== DATA FOR REVIEW ==

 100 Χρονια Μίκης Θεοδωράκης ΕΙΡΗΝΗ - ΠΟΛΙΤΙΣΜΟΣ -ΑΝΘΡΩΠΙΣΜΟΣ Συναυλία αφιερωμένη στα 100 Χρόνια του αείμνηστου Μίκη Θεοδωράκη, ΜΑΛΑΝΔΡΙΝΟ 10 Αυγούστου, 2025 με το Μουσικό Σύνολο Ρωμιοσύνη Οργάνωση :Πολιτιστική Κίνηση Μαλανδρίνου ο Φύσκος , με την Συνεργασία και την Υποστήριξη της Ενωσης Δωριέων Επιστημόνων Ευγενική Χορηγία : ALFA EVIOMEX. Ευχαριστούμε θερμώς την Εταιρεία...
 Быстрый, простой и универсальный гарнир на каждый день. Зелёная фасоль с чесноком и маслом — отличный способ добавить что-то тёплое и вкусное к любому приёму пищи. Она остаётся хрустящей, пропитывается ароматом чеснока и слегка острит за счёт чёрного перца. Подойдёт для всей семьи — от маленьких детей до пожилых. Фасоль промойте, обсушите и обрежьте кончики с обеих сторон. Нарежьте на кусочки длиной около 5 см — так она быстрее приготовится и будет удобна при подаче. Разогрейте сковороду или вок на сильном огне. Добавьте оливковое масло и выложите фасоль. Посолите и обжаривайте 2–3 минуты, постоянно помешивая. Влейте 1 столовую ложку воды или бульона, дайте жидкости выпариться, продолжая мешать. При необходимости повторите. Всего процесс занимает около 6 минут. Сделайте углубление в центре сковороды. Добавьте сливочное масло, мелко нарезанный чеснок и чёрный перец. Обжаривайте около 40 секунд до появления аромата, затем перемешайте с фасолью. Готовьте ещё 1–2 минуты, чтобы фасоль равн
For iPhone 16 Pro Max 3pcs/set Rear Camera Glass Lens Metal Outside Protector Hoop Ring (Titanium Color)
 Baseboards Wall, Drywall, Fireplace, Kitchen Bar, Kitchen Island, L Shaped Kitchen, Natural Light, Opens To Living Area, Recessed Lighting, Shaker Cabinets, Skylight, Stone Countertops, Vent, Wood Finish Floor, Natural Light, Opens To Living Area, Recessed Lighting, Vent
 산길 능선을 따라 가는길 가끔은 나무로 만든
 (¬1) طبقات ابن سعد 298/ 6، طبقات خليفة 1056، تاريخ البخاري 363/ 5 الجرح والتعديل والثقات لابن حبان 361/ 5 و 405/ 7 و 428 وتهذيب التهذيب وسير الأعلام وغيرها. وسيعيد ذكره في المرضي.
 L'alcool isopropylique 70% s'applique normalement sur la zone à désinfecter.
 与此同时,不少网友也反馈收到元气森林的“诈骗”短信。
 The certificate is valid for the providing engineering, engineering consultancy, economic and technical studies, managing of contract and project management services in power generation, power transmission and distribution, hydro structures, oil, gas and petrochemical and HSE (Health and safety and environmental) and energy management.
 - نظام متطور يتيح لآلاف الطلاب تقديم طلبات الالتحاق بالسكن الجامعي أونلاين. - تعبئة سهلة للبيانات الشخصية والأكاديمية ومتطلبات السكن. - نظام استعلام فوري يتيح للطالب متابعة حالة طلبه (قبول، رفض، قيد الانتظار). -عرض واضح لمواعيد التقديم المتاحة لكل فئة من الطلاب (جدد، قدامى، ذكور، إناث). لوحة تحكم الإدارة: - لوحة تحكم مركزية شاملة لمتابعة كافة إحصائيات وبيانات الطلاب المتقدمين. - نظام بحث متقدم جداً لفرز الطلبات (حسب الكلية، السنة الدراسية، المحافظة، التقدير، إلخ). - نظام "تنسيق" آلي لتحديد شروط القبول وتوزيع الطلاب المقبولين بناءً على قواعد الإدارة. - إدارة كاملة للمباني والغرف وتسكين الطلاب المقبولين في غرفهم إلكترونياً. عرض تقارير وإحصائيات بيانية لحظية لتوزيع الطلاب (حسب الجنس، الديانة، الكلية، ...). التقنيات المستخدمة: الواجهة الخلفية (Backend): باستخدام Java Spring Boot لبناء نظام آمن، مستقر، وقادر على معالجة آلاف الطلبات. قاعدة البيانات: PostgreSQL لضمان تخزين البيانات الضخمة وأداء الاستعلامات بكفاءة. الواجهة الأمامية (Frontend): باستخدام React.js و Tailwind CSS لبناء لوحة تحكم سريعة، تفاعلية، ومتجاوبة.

===

ACTIVITY: From the first entry above to the last, repeat everything exactly.

RESPONSE TO THIS TASK:
 100 Χρονια Μίκης Θεοδωράκης ΕΙΡΗΝΗ - ΠΟΛΙΤΙΣΜΟΣ -ΑΝΘΡΩΠΙΣΜΟΣ Συναυλία αφιερωμένη στα 100 Χρόνια του αείμνηστου Μίκη Θεοδωράκη, ΜΑΛΑΝΔΡΙΝΟ 10 Αυγούστου, 2025 με το Μουσικό Σύνολο Ρωμιοσύνη Οργάνωση :Πολιτιστική Κίνηση Μαλανδρίνου ο Φύσκος , με την Συνεργασία και την Υποστήριξη της Ενωσης Δωριέων Επιστημόνων Ευγενική Χορηγία : ALFA EVIOMEX. Ευχαριστούμε θερμώς την Εταιρεία...
 Быстрый, простой и универсальный гарнир на каждый день. Зелёная фасоль с чесноком и маслом — отличный способ добавить что-то тёплое и вкусное к любому приёму пищи. Она остаётся хрустящей, пропитывается ароматом чеснока и слегка острит за счёт чёрного перца. Подойдёт для всей семьи — от маленьких детей до пожилых. Фасоль промойте, обсушите и обрежьте кончики с обеих сторон. Нарежьте на кусочки длиной около 5 см — так она быстрее приготовится и будет удобна при подаче. Разогрейте сковороду или вок на сильном огне. Добавьте оливковое масло и выложите фасоль. Посолите и обжаривайте 2–3 минуты, постоянно помешивая. Влейте 1 столовую ложку воды или бульона, дайте жидкости выпариться, продолжая мешать. При необходимости повторите. Всего процесс занимает около 6 минут. Сделайте углубление в центре сковороды. Добавьте сливочное масло, мелко нарезанный чеснок и чёрный перец. Обжаривайте около 40 секунд до появления аромата, затем перемешайте с фасолью. Готовьте ещё 1–2 минуты, чтобы фасоль равн
For iPhone 16 Pro Max 3pcs/set Rear Camera Glass Lens Metal Outside Protector Hoop Ring (Titanium Color)
 Baseboards Wall, Drywall, Fireplace, Kitchen Bar, Kitchen Island, L Shaped Kitchen, Natural Light, Opens To Living Area, Recessed Lighting, Shaker Cabinets, Skylight, Stone Countertops, Vent, Wood Finish Floor, Natural Light, Opens To Living Area, Recessed Lighting, Vent
 산길 능선을 따라 가는길 가끔은 나무로 만든
 (¬1) طبقات ابن سعد 298/ 6، طبقات خليفة 1056، تاريخ البخاري 363/ 5 الجرح والتعديل والثقات لابن حبان 361/ 5 و 405/ 7 و 428 وتهذيب التهذيب وسير الأعلام وغيرها. وسيعيد ذكره في المرضي.
 L'alcool isopropylique 70% s'applique normalement sur la zone à désinfecter.
 与此同时,不少网友也反馈收到元气森林的“诈骗”短信。
 The certificate is valid for the providing engineering, engineering consultancy, economic and technical studies, managing of contract and project management services in power generation, power transmission and distribution, hydro structures, oil, gas and petrochemical and HSE (Health and safety and environmental) and energy management.
 - نظام متطور يتيح لآلاف الطلاب تقديم طلبات الالتحاق بالسكن الجامعي أونلاين. - تعبئة سهلة للبيانات الشخصية والأكاديمية ومتطلبات السكن. - نظام استعلام فوري يتيح للطالب متابعة حالة طلبه (قبول، رفض، قيد الانتظار). -عرض واضح لمواعيد التقديم المتاحة لكل فئة من الطلاب (جدد، قدامى، ذكور، إناث). لوحة تحكم الإدارة: - لوحة تحكم مركزية شاملة لمتابعة كافة إحصائيات وبيانات الطلاب المتقدمين. - نظام بحث متقدم جداً لفرز الطلبات (حسب الكلية، السنة الدراسية، المحافظة، التقدير، إلخ). - نظام "تنسيق" آلي لتحديد شروط القبول وتوزيع الطلاب المقبولين بناءً على قواعد الإدارة. - إدارة كاملة للمباني والغرف وتسكين الطلاب المقبولين في غرفهم إلكترونياً. عرض تقارير وإحصائيات بيانية لحظية لتوزيع الطلاب (حسب الجنس، الديانة، الكلية، ...). التقنيات المستخدمة: الواجهة الخلفية (Backend): باستخدام Java Spring Boot لبناء نظام آمن، مستقر، وقادر على معالجة آلاف الطلبات. قاعدة البيانات: PostgreSQL لضمان تخزين البيانات الضخمة وأداء الاستعلامات بكفاءة. الواجهة الأمامية (Frontend): باستخدام React.js و Tailwind CSS لبناء لوحة تحكم سريعة، تفاعلية، ومتجاوبة.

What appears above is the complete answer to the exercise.